Environment variables

Variable Description
ANTHROPIC_API_KEY API key for authentication (alternative to OAuth)
LIUTAIO_NODE_VERSION Default Node.js version (overridden by --node-version)
LIUTAIO_SSH_HOSTS Comma-separated SSH hosts for known_hosts (e.g. gitlab.com,github.com)
LIUTAIO_OAUTH_CLIENT_ID Override Claude Code's OAuth client ID (only if Anthropic rotates it)
GIT_USER_NAME Git committer name (default: your host's git config)
GIT_USER_EMAIL Git committer email (default: your host's git config)

Monitoring a Run

# Tail the logs (Ctrl+C to detach — container keeps running)
docker logs -f liutaio-my-branch

# Shell into the running container
docker exec -it liutaio-my-branch bash

# Check progress on your host (updated after each ticket)
cat path/to/agent-dir/progress.md

# Stop gracefully (pushes work before exiting)
docker stop liutaio-my-branch

# Force remove
docker rm -f liutaio-my-branch

Troubleshooting

"Not logged in" after container starts

Your access token expired during dependency installation. This usually resolves itself — the token refresh runs before each iteration. If it persists, try --oauth for an independent OAuth session that doesn't share tokens with your host.

Container gets killed mid-session

Likely an out-of-memory kill. Check with:

docker inspect liutaio-my-branch --format='{{.State.OOMKilled}}'

The default memory limit is 16GB. If your test suite needs more, edit --memory=16g in run.sh.

SSH push failures

Make sure your SSH keys are in ~/.ssh/ and can push to your remote. If you use SSH host aliases (e.g. github-work instead of github.com), Liutaio copies your ~/.ssh/config into the container and resolves them automatically.

OAuth login shows "Invalid OAuth Request"

Check that you're copying the entire code from the callback page (including any # in the middle). The format is {code}#{state} — both parts are needed.

OAuth login suddenly stops working

Liutaio uses Claude Code's public OAuth client ID to authenticate. If Anthropic rotates this ID in a future update, OAuth login will fail.

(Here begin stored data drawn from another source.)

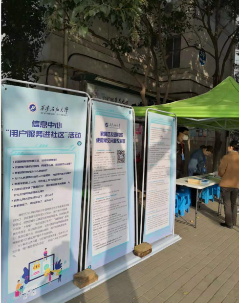 本次活動分別在北院2號青年公寓東側(cè)和南院音樂系樓東側(cè)設(shè)立“服務(wù)站”,通過設(shè)立網(wǎng)絡(luò)知識宣傳展板,發(fā)放宣傳彩頁等方式向教職工和家屬普及網(wǎng)絡(luò)安全知識和校園網(wǎng)使用方法,針對用戶反饋的問題現(xiàn)場逐一解答,根據(jù)用戶需求,黨員和技術(shù)骨干深入教職工家里進(jìn)行上門服務(wù)。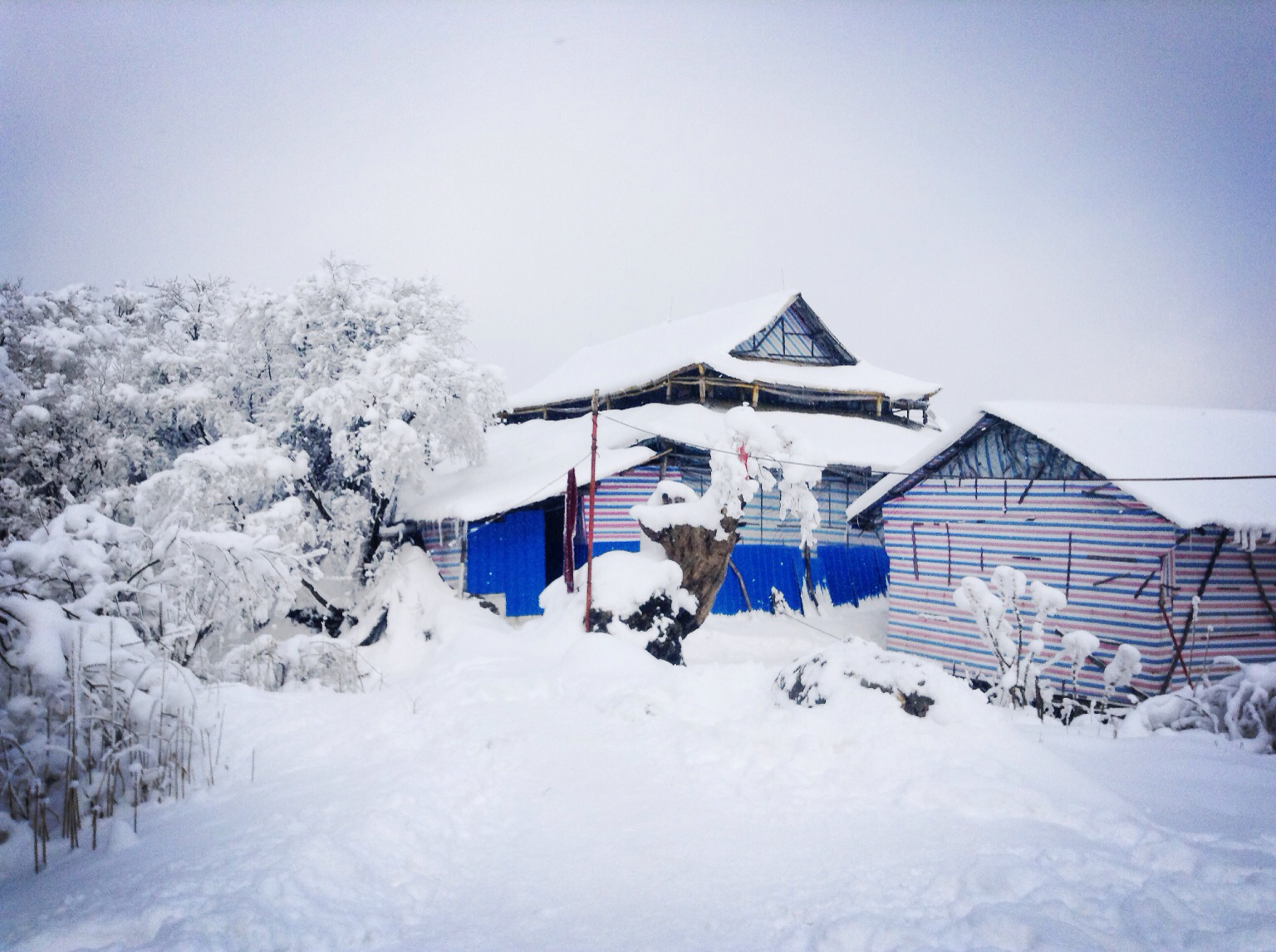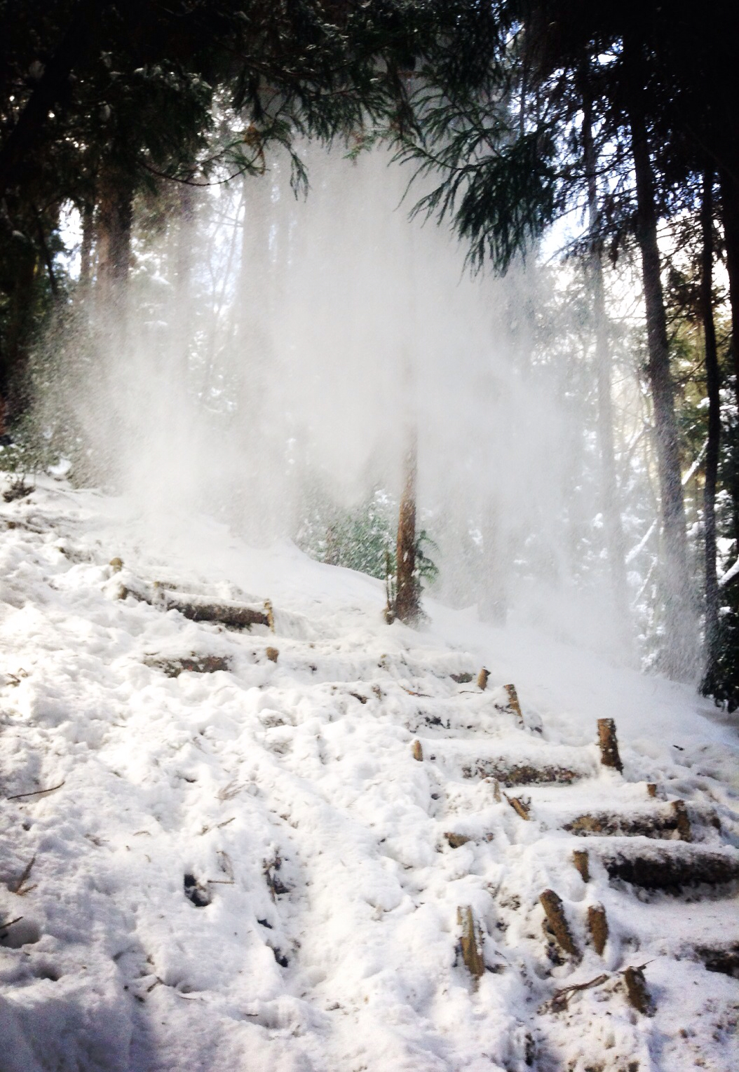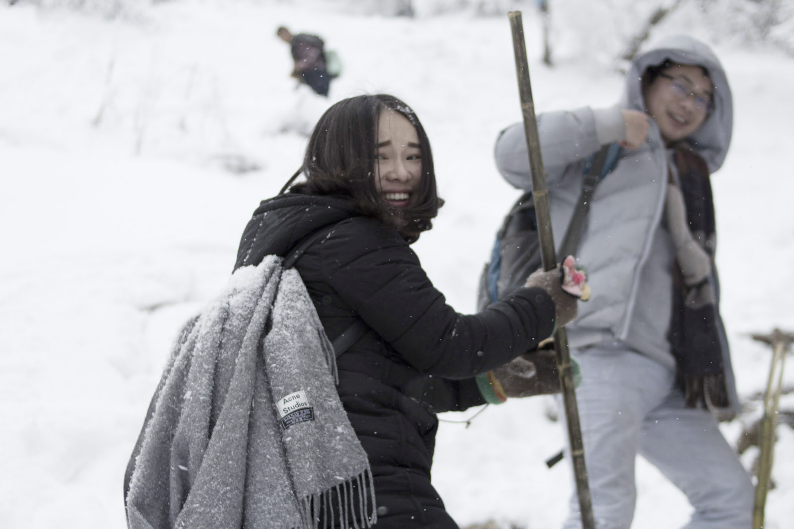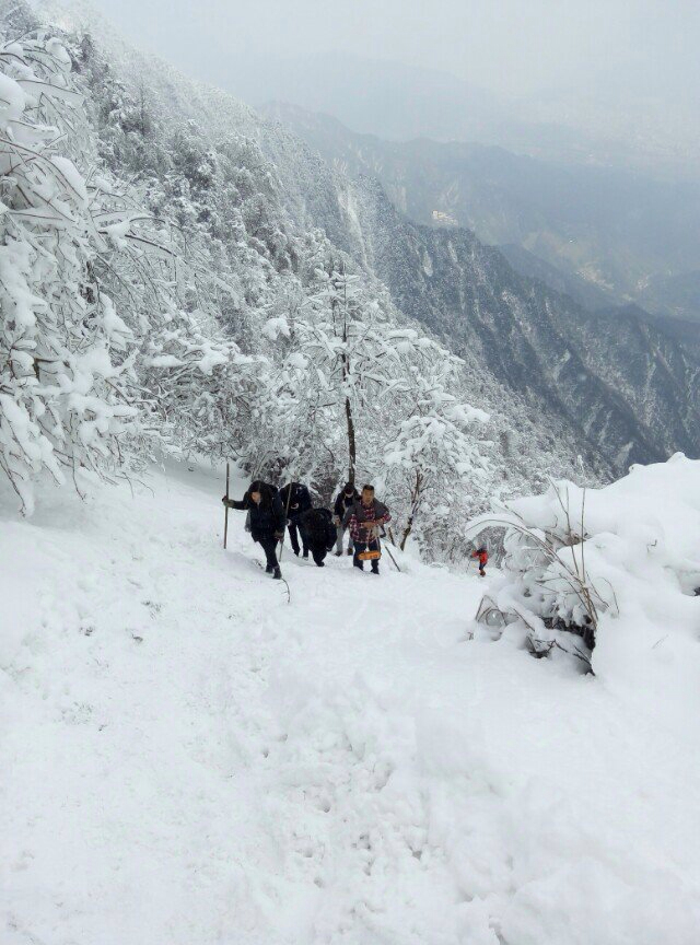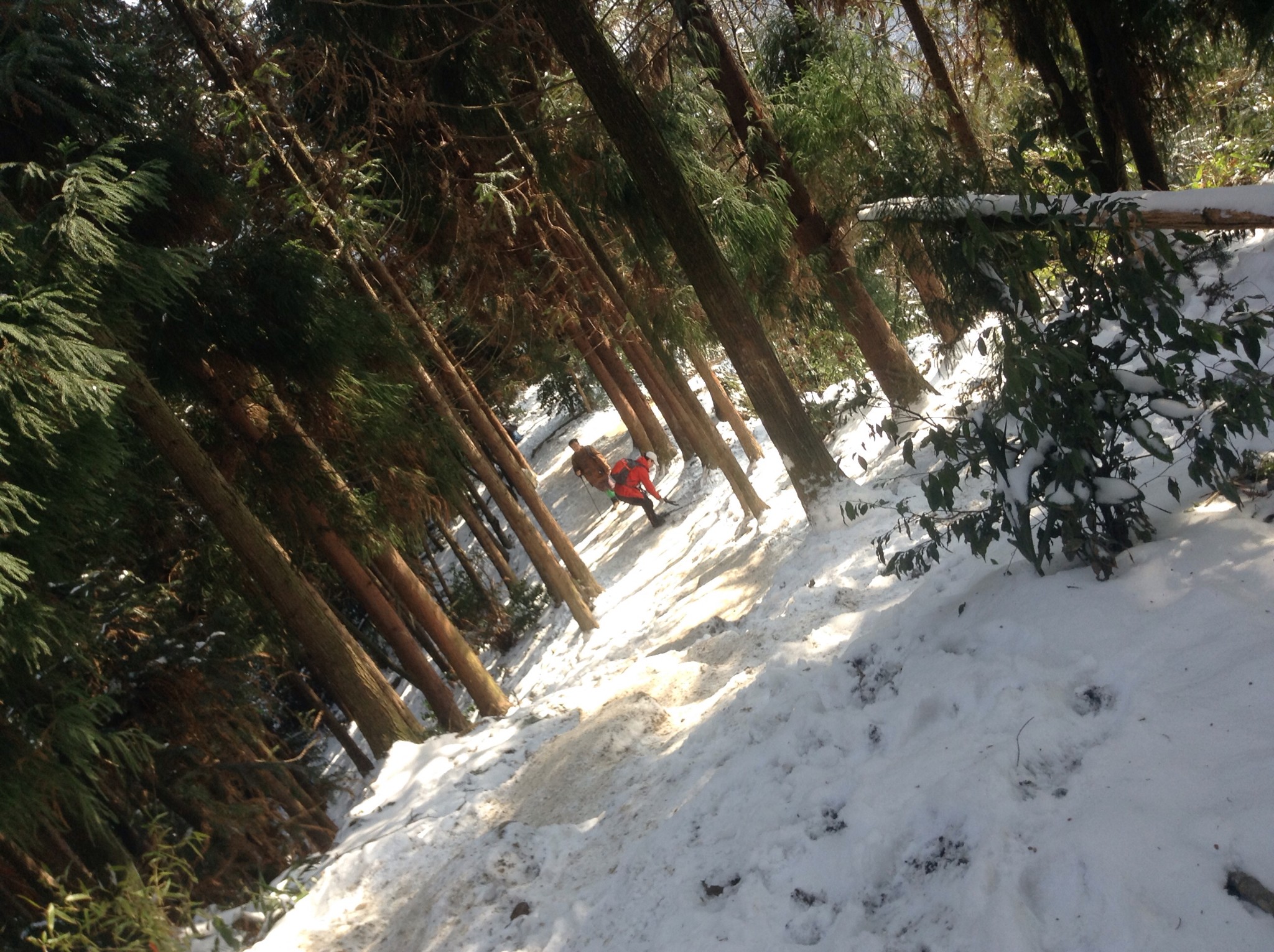 一路爬一路摔,终于到了海拔2000米的休息亭,累的我真的想要放弃,碰到几个已经登顶往山下走的伟人们,有的说还有一个多小时,有的说快了还有,还有说不要往上走了,山上雪积得更厚,很容易滑倒,不过我们哪有那么容易被打败,我深深体会了小马过河的故事,不过别人也确实是好心提醒,我也要成为像他们一样的伟人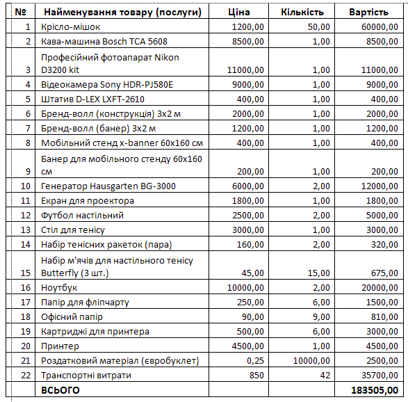 За эти деньги "Освітня асамблея" обзавелась необходимым комплектом для проведения массовых мероприятий - генератором, кофемашиной, ноутбуками, фото-и видеокамерами и т.д. Наибольшие расходы в проекте - покупка 50 кресел-мешков за 60 тыс. и транспортные расходы на 35,7 тыс. грн. За счет столичного бюджета были приобретены даже офисная бумага и мячи с ракетками для настольного тенниса: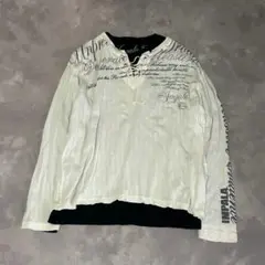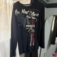 Y2Kらしい雰囲気のサイズスリット入りラインストーン装飾ロンTです。
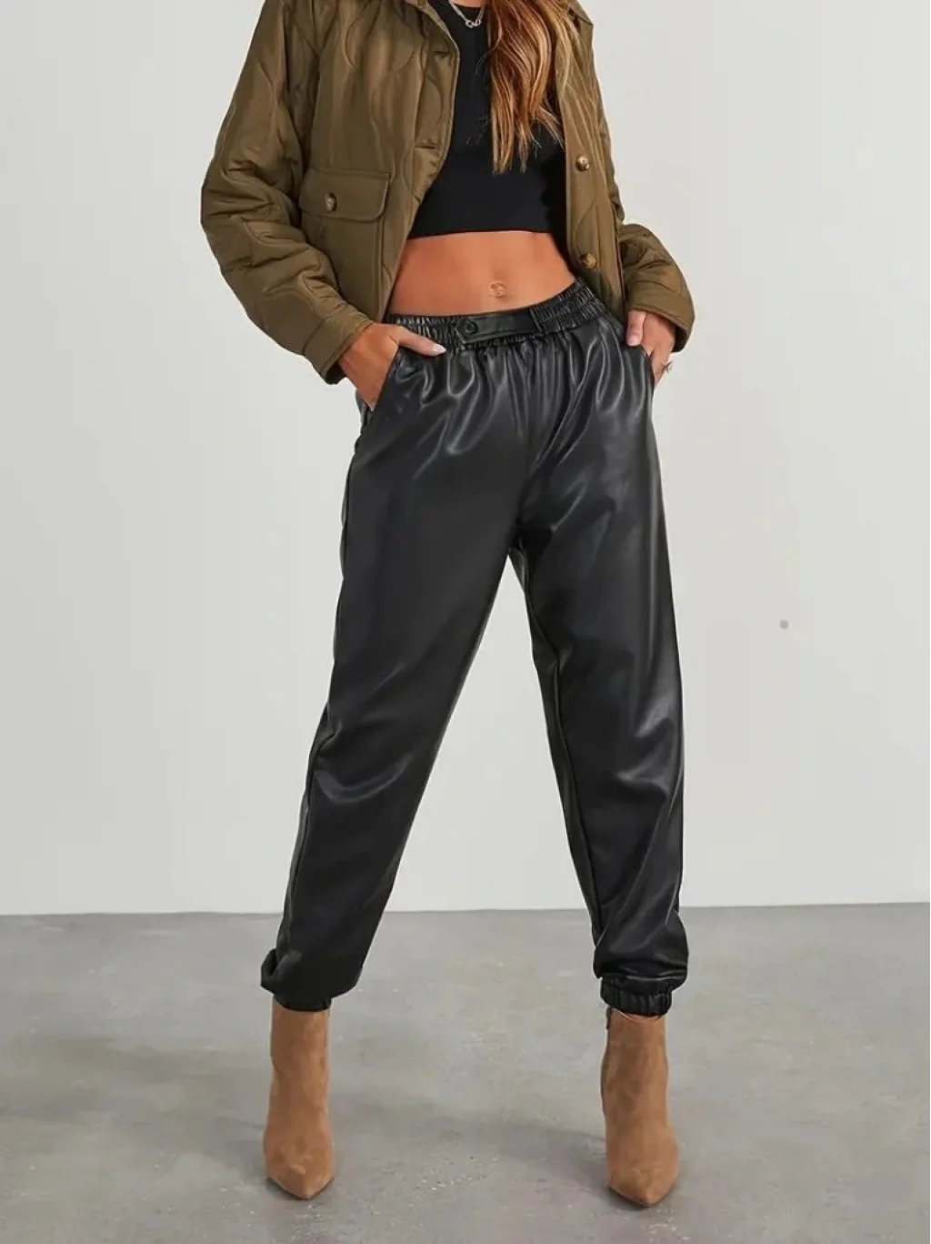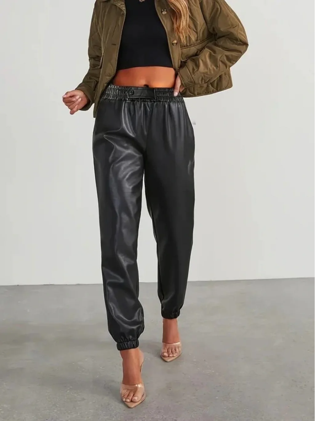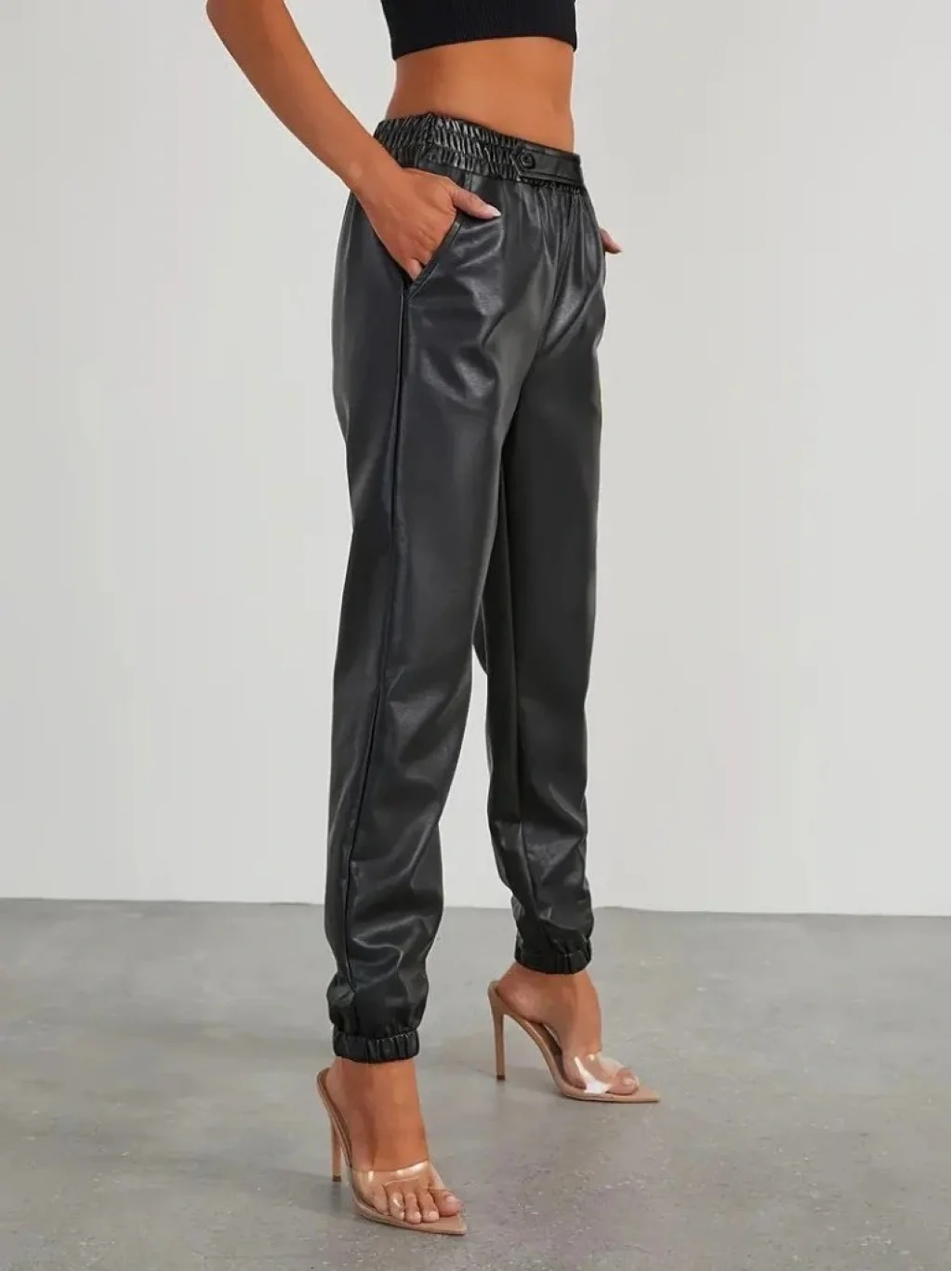 Kadın Yüksek Bel Lastikli önü Düğmeli Deri Pantolon

You can override it by passing the new client ID:

liutaio agent.md 10 my-branch --env LIUTAIO_OAUTH_CLIENT_ID=new-client-id-here

You can find the current client ID by running claude auth login on your host and inspecting the authorization URL it generates.

Loop doesn't stop after all work is done

The loop looks for <promise>COMPLETE</promise> in the session output. Make sure your agent.md instructs Claude to output this exact string when finished.